The following article was written
for the Orchid Species Bulletin published by the Orchid
Species Society, which is based in Brisbane,
Queensland in November 2000.
Bear in mind that any cultivation notes refer to the sub-tropical conditions of Southern Queensland, Australia.
Trudelia
cristata (Lindl.) Senghas is also known
by the synonym Vanda cristata Lindl. In fact Eric Christenson (1992,
1994) considers it to belong to Vanda section Cristatae Lindl.
Nathaniel Wallich discovered this species in Nepal in 1881 and managed to send
plants back to the Royal Botanic Gardens, Kew. John Lindley was the first to
describe it in his Genera and Species of Orchidaceous Plants in 1834. Its
specific epithet is from the Latin cristatus (crested) for the uneven and
furrowed lip surface. Karlheinz Senghas transferred it to Trudelia in Die
Orchideen in 1988.
Leslie
Garay established Trudelia in the Orchid Digest in 1986, based
upon Trud. alpina (Lindl.) Garay. The genus consists of six species with
small flowers, primarily found from the Himalayas to southern China. The flowers
have subsimilar sepals and petals that are never reflexed and a prominent lip
that is continuous with the base of the column. Its lip is excavate at the base,
spurless and directed forward and outward. An inhabitant of montane forests, Trud.
cristata is found between 600-2,000 m altitude. It is distributed from
northern India, Nepal, Sikkim, Bhutan and Bangladesh.

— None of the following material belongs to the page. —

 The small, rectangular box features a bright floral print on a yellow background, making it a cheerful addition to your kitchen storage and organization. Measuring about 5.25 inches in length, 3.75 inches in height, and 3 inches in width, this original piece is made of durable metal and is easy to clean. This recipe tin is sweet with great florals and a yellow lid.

Trud. cristata is a small- to medium-sized
plant with stout stems that are 7.5-15 cm long. Leathery recurved leaves, which
are 7.5-12.5 cm long
and 12-18 mm broad are borne in two ranks along the stem. The leaf tips are
distinctively truncate, tridentate or irregularly three-toothed. Short
inflorescences carry 2-6 waxy, fragrant flowers on long twisted pedicels close
to the stem. The flowers are 4-5 cm across and have uniform yellow to green,
narrow incurved sepals
and petals. The thick, fleshy prominent lip is yellow, cream or white, striped
with purple to maroon or red-brown. Its tapered lip mid-lobe bears two slender
elongate processes or horn-like processes at the end, which look like tusks.
Martin Motes (1997) points out that the lip morphology and colouration varies
greatly. Not only does it vary from flower to flower on the same inflorescence
but also markedly from year to year on different flowerings of the same plant.